Sesampainya di kamar itu, Panji melihat orang yang sejak tadi di carinya. Ternyata ia berada di kamar ini. Panji langsung menyelipkan tubuhnya di antara ketiga temannya dengan paksa sampai ada ruang yang cukup baginya untuk tidur.
"Nji! Gila lo! Sempit bego!" maki Bayu.
"Bodo ah, males gue tidur sendirian," kata Panji dengan malas.
"Ah, alasan lo! Bilang aja kalo lo takut tidur sendirian," goda Ragil sambil membalikkan badannya untuk menghadap kearah tembok.

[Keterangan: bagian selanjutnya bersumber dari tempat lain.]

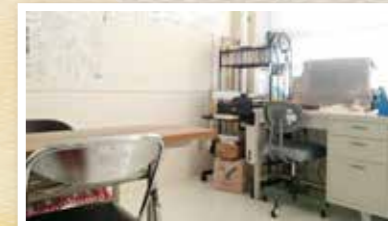
貸事務ブースご利用の一例です
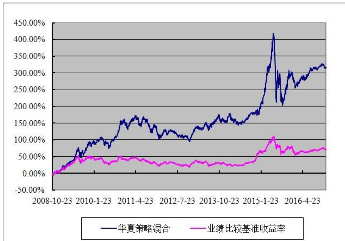
华夏策略精选灵活配置混合型证券投资基金 份额累计净值增长率与业绩比较基准收益率历史走势对比图 (2008年10月23日至2016年12月31日)
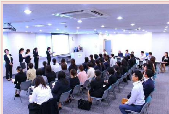
3期生による役員への活動成果報告

3期生においては、女性社員の働く環境の向上・女性社員の横のつながりの強化をテーマとし、4つのチーム編成で、1年間のタスク活動を実施しました。
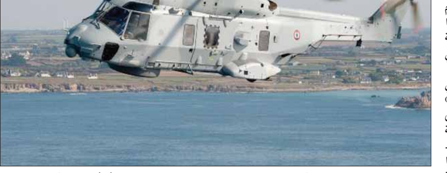
صورة نشرها موقع البحرية الألمانية وتظهر اختبار مروحية عسكرية من طراز أن أتش 90 الأسبوع الماضي

خفظت مطالبات للحكومة الألمانية بإرسال قوات للمشاركة في مهمة لحماية ناقلات النفط في مضيق هرمز، اهتمام وسائل الإعلام الألمانية أمس، وذلك في وقت قفزت فيه قضية أمن الملاحة في الخليج، الذي يمر عبره نحو خمس إمدادات النفط العالمية، إلى صدارة الأجندة العالمية منذ مايو (أيار) عندما اتهمت واشنطن طهران بالوقوف وراء تفجيرات الحقت أضراباً بست ناقلات على مدى عدة أسابيع. واتهمت واشنطن إيران بأنها المسؤولة عن الهجمات التي استهدفت ست ناقلات نفط في مايو ويونيو (حزيران)، لكن الأزمة تفاقمت عندما احتجزت قوات من «الحرس الثوري» الإيراني في يوليو (تموز) ناقلة ترغف علم بريطانيا في مضيق هرمز على ما يبدو على احتجاج بريطانيا ناقلة إيرانية بتهمته انتهاك العقوبات الأوروبية بنقلها النفط إلى سوريا.
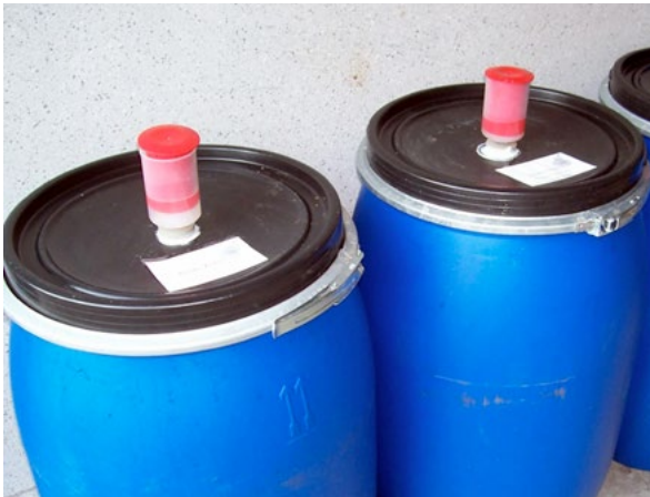
luftdicht verschlossene Gärbehälter mit Gärspund

Die Gärung – bezeichnet den Vorgang, bei dem die Hefe den in der Maische enthaltenen Zucker in Alkohol umwandelt. Das nebenbei entstehende CO 2 muss dabei über den Gärspund entweichen können und gibt Aufschluss über den Fortgang der 1 - 4 wöchigen Gärung.
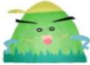
寺小マスコットキャラクター

寺岡小学校PTAは、一人ひとりがPTA活動に思いやりを持って取り組み、子供たちの成長と絆を感じて、「やって良かった、楽しかった、うれしかった」と笑顔で言えるPTA活動の実践を目指しています。
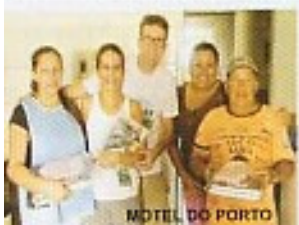
MOTEL DO PORTO
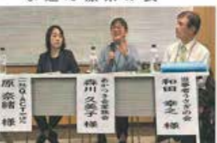
本大会開催にあたり、協賛・寄付を賜りました皆様、御礼申し上げます。また、講師の方からもご寄付いただき、心よりお礼申し上げます。

共感しました。感動しました。待ち望んでいたお話でした。 ◎施設、病院から地域へ、本人を主体に、バタナリズムを排して、いくなこと。支援する立場として、みんなちがってみんないい、対応に苦しむことも多いですが、ひるまない、あきらめない、希望を引き出す支援の大切さ。 ◎医療や福祉を経済優先で捉えることの怖さを知った。 ◎家族会、当事者の方のお話は共感できました。医療機関をはじめ、包括的支援が進められるのを期待します。 ◎家族はどうすれば良いかを参考に、毎日の生活を考えていこうと思えます。 ◎今まで支援の在り方を振り返って反省する点に気づいた。 ◎ACTが地元であればいいなと思えました。活動に力をつけていきたいです。
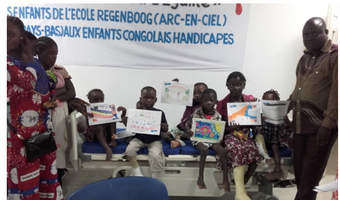
Patiëntjes tonen de tekeningen van De Regenboog.

vooroordelen: ze zouden bekeerd kunnen zijn en daardoor levensgevaarlijk voor anderen. Onze equipeleden hebben al veel van deze kinderen uit de verborgenheid weten te halen. We zijn volop bezig om Congolese (assistent-)therapeuten en de ouders goede behandelmethoden voor deze groep kinderen te leren. En dat werkt! De eerste oudervereniging is al opgericht en ook het ministerie begint zich nu met deze groep te bemoeien.
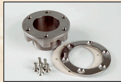
odpływ rynny kod 3941000

Gotowe rynny basenowe wykonane maszynowo z milimetrową dokładnością, prefabrykaty gotowe do montażu. Prosta, estetyczna rynna Standard o idealnych wymiarach; wykładana jest folią, mozaiką lub malowana farbą epoksydową.
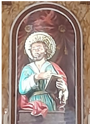
SANT'ANDREA APOSTOLO CHIESA OMONIMA MAIDA (ITALIA)
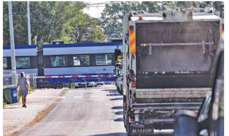
Bezkolizyjny przejazd wydaje się jedynym bezpiecznym rozwiązaniem problemów kierowców na Krasickiego

– Z inicjatywą wystąpiło PKP, które uruchomiło program likwidacji przejazdów kolejowych w ramach poprawy bezpieczeństwa. Powiat wytypował 2 przejazdy: na Krasickiego i Jana Pawła
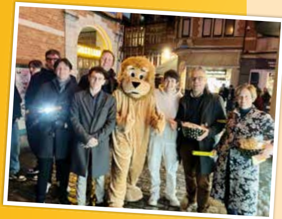
Lichtjes voor de jongeren
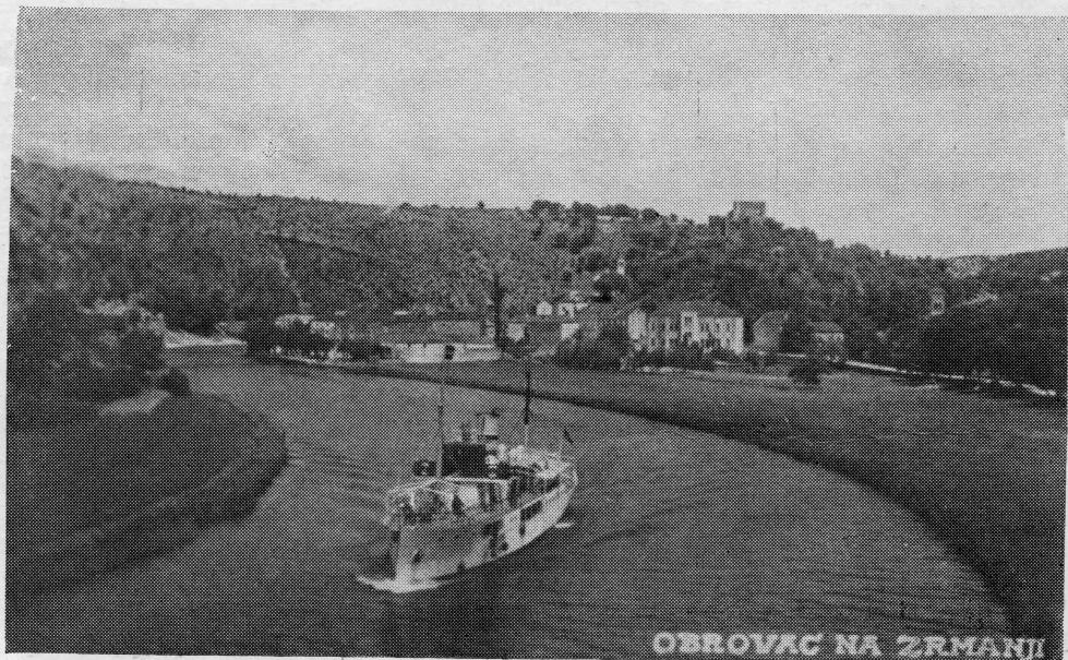
OBROVAC NA ZRMANJI
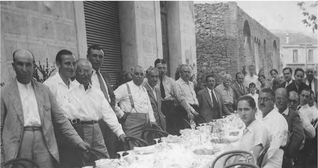
Figura 9. La colla de l'arròs, grup d'estiuejants d'on va sorgir la idea de construir la Cuca-fera, una de les primeres mostres de bestiar popular i tradicional de la comarca.
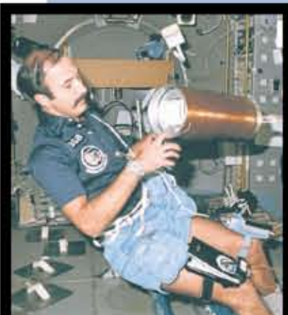
Tijdens de missie hield hij zich vooral bezig met de lading. Hier werkt hij in het ruimtelaboratorium.

"Siapa juga yang takut, gue cuma males tidur sendirian. Udah ah, pada berisik lo! Gue mau tidur," Panji langsung memejamkan kedua matanya, tak peduli kedua temannya terus ngedumel tentang kasur yang sempit.
***
Esok paginya, Panji bangun dengan mata yang memerah. Semalaman ia tidak bisa tidur, karena mimpi buruk yang ia alami.
Mimpi itu seperti nyata baginya. Tidak bisa di sangkal lagi, Panji benar-benar merasa ketakukan dengan tangan-tangan kotor yang ingin meraih tubuhnya, ketika ia terjatuh ke dalam jurang.Tangan-tangan itu... seakan ingin mencabik-cabik tubuh Panji, mematahan tulang-tulangnya.
Dari dalam jurang itu... terdengar suara banyak orang, mereka seperti memerintahnya agar cepat jatuh ke dalam jurang, "kemarilah... kemarilah...".Panji bergidik ngeri setiap kali mengingat mimpi buruk itu, "dosa apa... gue, sampe-sampe bisa mimpi kayak begitu?"